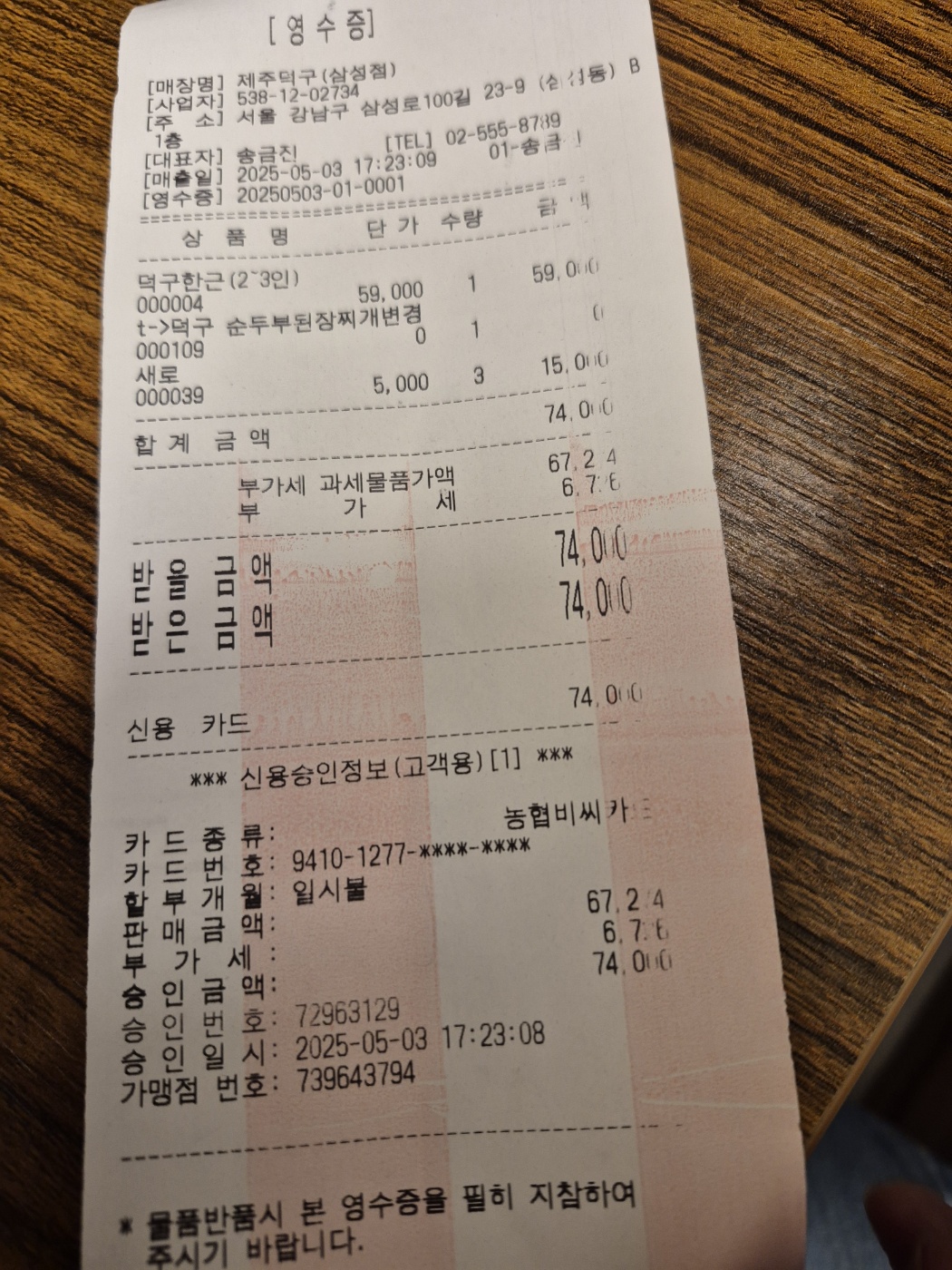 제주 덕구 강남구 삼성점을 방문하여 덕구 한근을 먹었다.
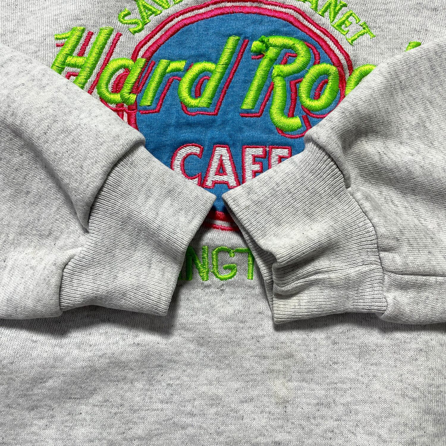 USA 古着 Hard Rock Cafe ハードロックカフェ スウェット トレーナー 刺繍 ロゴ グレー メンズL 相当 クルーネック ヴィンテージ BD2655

•••••

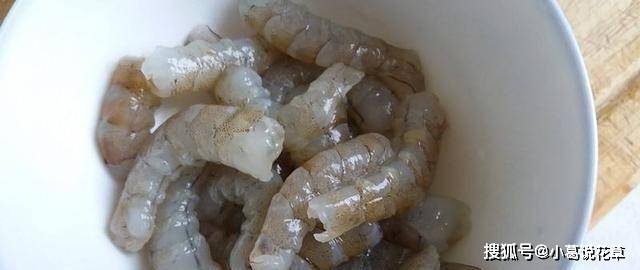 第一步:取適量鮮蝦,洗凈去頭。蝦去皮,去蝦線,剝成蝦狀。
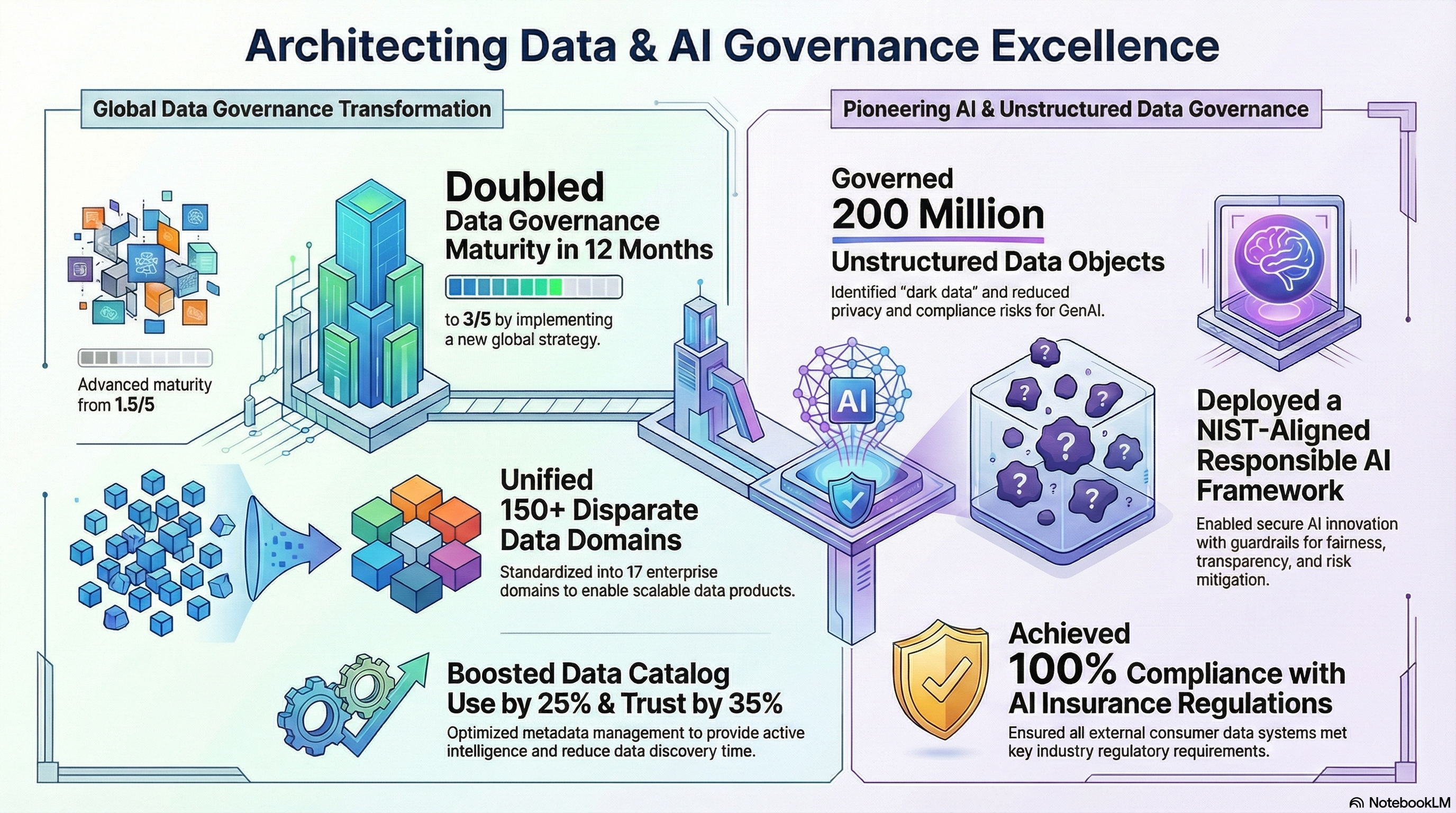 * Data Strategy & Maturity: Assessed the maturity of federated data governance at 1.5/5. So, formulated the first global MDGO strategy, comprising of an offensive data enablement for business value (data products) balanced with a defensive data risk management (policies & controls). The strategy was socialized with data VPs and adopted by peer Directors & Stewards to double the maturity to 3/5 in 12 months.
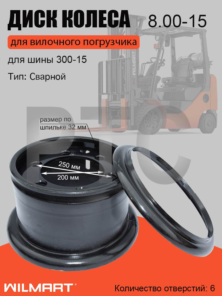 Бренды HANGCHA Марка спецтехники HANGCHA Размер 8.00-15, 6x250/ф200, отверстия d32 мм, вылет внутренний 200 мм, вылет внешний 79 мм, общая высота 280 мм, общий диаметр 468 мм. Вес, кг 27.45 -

•••••

Look above for the line with "in 12 months." and the line with "Бренды HANGCHA Марка", then restate exactly those two lines and all lines between them, with no pictures.

**Output for this exercise**
 * Data Strategy & Maturity: Assessed the maturity of federated data governance at 1.5/5. So, formulated the first global MDGO strategy, comprising of an offensive data enablement for business value (data products) balanced with a defensive data risk management (policies & controls). The strategy was socialized with data VPs and adopted by peer Directors & Stewards to double the maturity to 3/5 in 12 months.
 Бренды HANGCHA Марка спецтехники HANGCHA Размер 8.00-15, 6x250/ф200, отверстия d32 мм, вылет внутренний 200 мм, вылет внешний 79 мм, общая высота 280 мм, общий диаметр 468 мм. Вес, кг 27.45 -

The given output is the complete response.